= Death of Elizabeth Struhs =

Incident in 2022 in Queensland, Australia

On the night of 6 January 2022, 8-year-old Elizabeth Struhs died of diabetic ketoacidosis at her home in Toowoomba, Queensland, Australia. Her family, members of a religious sect known as the "Saints", deliberately withdrew insulin from Elizabeth due to a belief that God would intervene to save her life.

== Background ==
In 2005, Kerrie Struhs became a member of a Christian religious sect called the "Saints".

In 2019, Elizabeth Struhs became extremely ill over a six-day period. On the sixth day, Jason Struhs took Elizabeth to hospital, where she fell into a coma. Elizabeth survived and was diagnosed with type 1 diabetes, and Jason and Kerrie Struhs were convicted of failing to provide the necessities of life. Kerrie was sentenced to an 18-month prison sentence but only served five months in jail. Jason was sentenced to six months in prison, but his sentence was suspended as he had eventually brought Elizabeth to hospital and had testified against Kerrie during the case.

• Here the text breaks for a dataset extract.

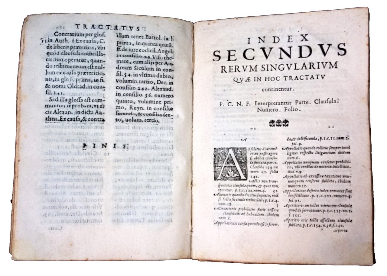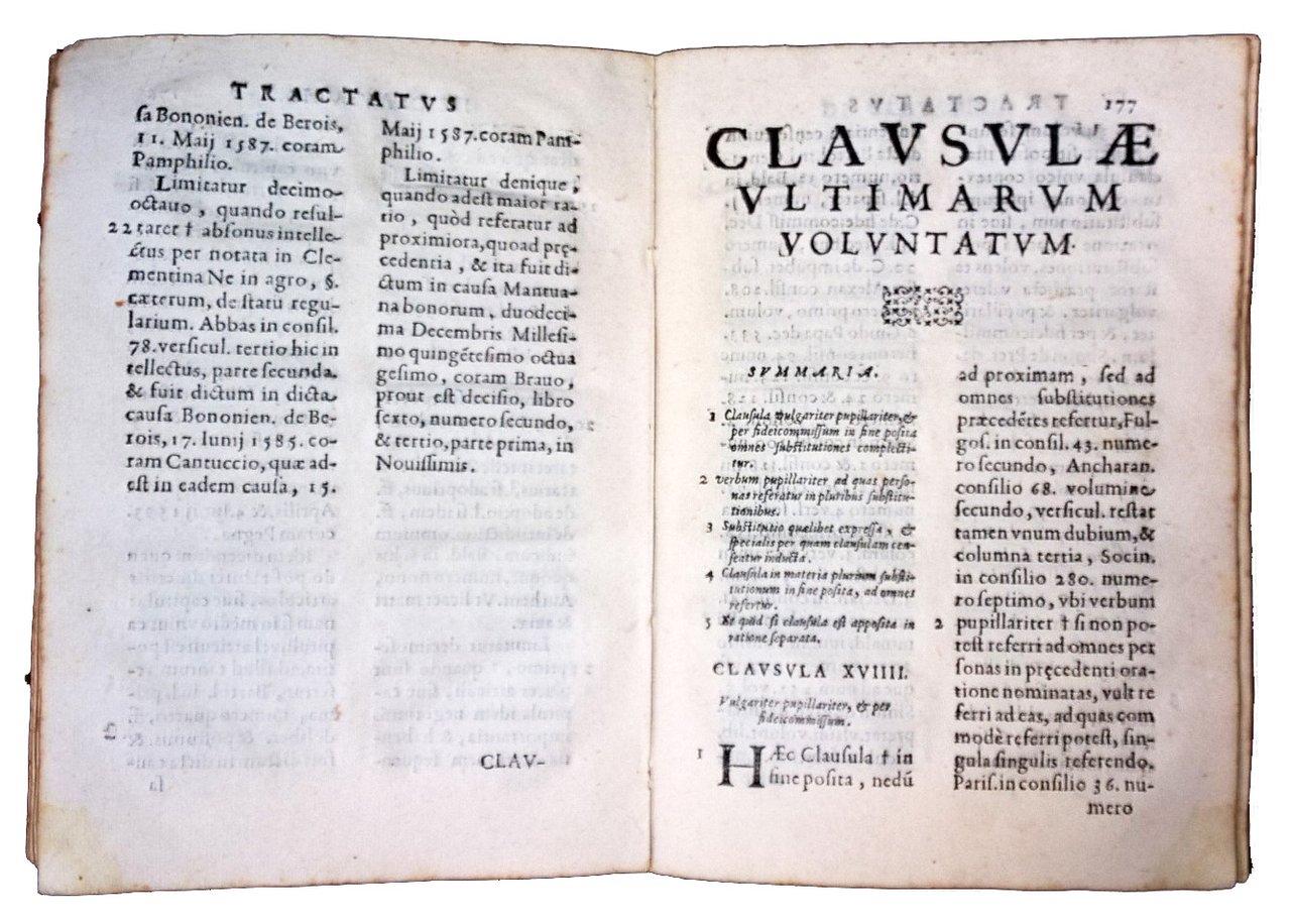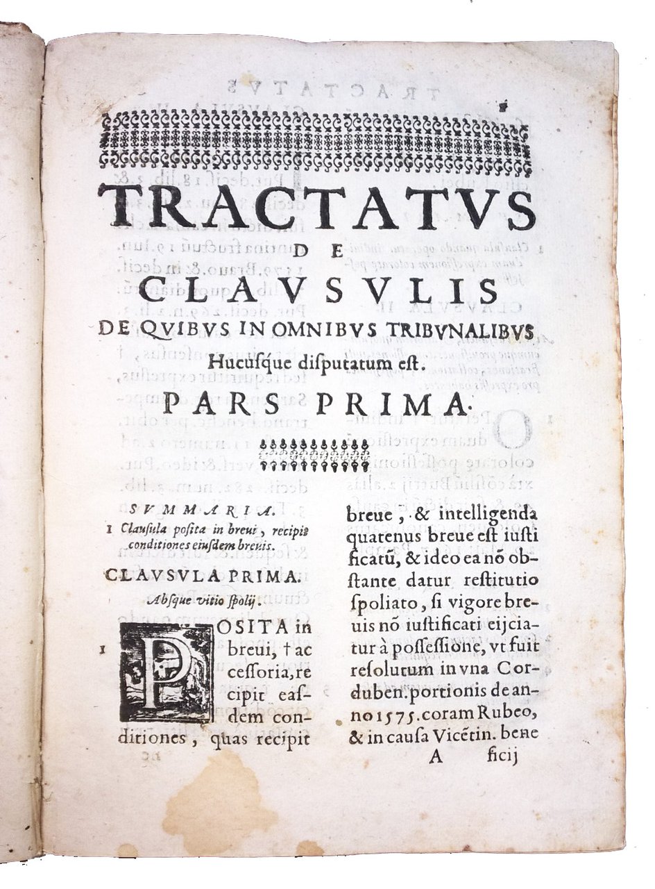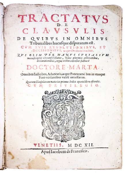 in-4° (214x150 mm), legatura coeva in pergamena morbida, con titolo manoscritto al dorso e resti di lacci di chiusura al bordo laterale dei piatti; carte [4], 180 [i.e. 170], [12]. Numerosi errori ed omissioni nella numerazione delle carte che dovrebbero essere in totale 170. Mancanti in questa copia le carte da 51 a 54 e da 57 a 82. Testo in Latino su 2 colonne. Front. stampato in rosso e nero, con marca tipografica xil. (la Pace seduta con ramoscello di ulivo in mano). Prezioso trattato giuridico sulla legge Romana, raccolta di tutte le clausole discusse nei vari tribunali, con le relative decisioni e dichiarazioni, a cura del giureconsulto napoletano Giacomo Antonio Marta (1559-1628). Rif.: IT\ICCU\BVEE\033566. OCLC, 494710028. Cond.: Tracce d'uso alla legatura (leggere macchie, resti di lacci). Presenza di alcune macchie e occasionali fioriture alle carte; gore d'umido all'agolo inferiore esterno di alcune carte. Opera incompleta (mancanti circa 20 carte), ma comunque in buone condizioni generali. -- Precious legal treatise on the Roman law, collection of all the clauses discussed in the various courts, with the related decisions and declarations, by the Neapolitan jurist Giacomo Antonio Marta. Incomplete copy (missing about 20 leaves), but still in good general condition.

On 21 August 2021, Jason Struhs was baptised and inducted into the Saints.

== Death ==
Kerrie Struhs returned home from jail on 16 December 2021. On New Year's Day 2022, Jason Struhs ceased administering Elizabeth rapid-acting insulin and stopped giving her slow-release insulin in the days following. Elizabeth's health deteriorated over the next six days, and the members of the Saints prayed and sang for her to be miraculously cured by God.

Sometime during the night of 6 January 2022, Elizabeth died of diabetic ketoacidosis. Upon discovering Elizabeth's body, members of the Saints covered her with a blanket and began praying for her to be raised from the dead. The Saints also texted each other to come to the Struhs' house to pray for Elizabeth's resurrection. On 8 January, Jason Struhs called emergency services to report Elizabeth's death. The decision to contact emergency services was, according to one member of the Saints, in order to make more people see Elizabeth's body so that more people would be amazed when she rose from the dead.

== Court proceedings ==
During the court case, Crown Prosecutor Caroline Marco stated that Elizabeth's death was preventable and that she would not rise from the dead, prompting laughter from the defendants.

== Sentencing ==
All the defendants did not enter a plea, and a plea of Not Guilty was entered for them by the judge. Fourteen members of the Saints were convicted of manslaughter, and sentenced over the death:

| Defendant | Age | Role | Sentence |
|---|---|---|---|
| Jason Struhs | 53 | Elizabeth's father | 14 years |
| Brendan Stevens | 63 | Leader of the Saints | 13 years |
| Kerrie Struhs | 49 | Elizabeth's mother | 14 years |
| Zachary Struhs | 22 | Elizabeth's brother | 6 years |
| Loretta Mary Stevens | 67 | Brendan's wife | 9 years |
| Andrea Louise Stevens | 34 |  | 7 years |
| Acacia Naree Stevens | 31 |  | 7 years |
| Camellia Claire Stevens | 28 |  | 7 years |
| Therese Maria Stevens | 37 |  | 7 years |
| Keita Courtney Martin | 22 |  | 7 years |
| Lachlan Stuart Schoenfisch | 34 |  | 7 years |
| Samantha Emily Schoenfisch, née Crouch | 26 |  | 6 years |
| Sebastian James Stevens | 23 |  | 7 years |
| Alexander Francis Stevens | 26 |  | 7 years |

== Reactions ==
The case made international news.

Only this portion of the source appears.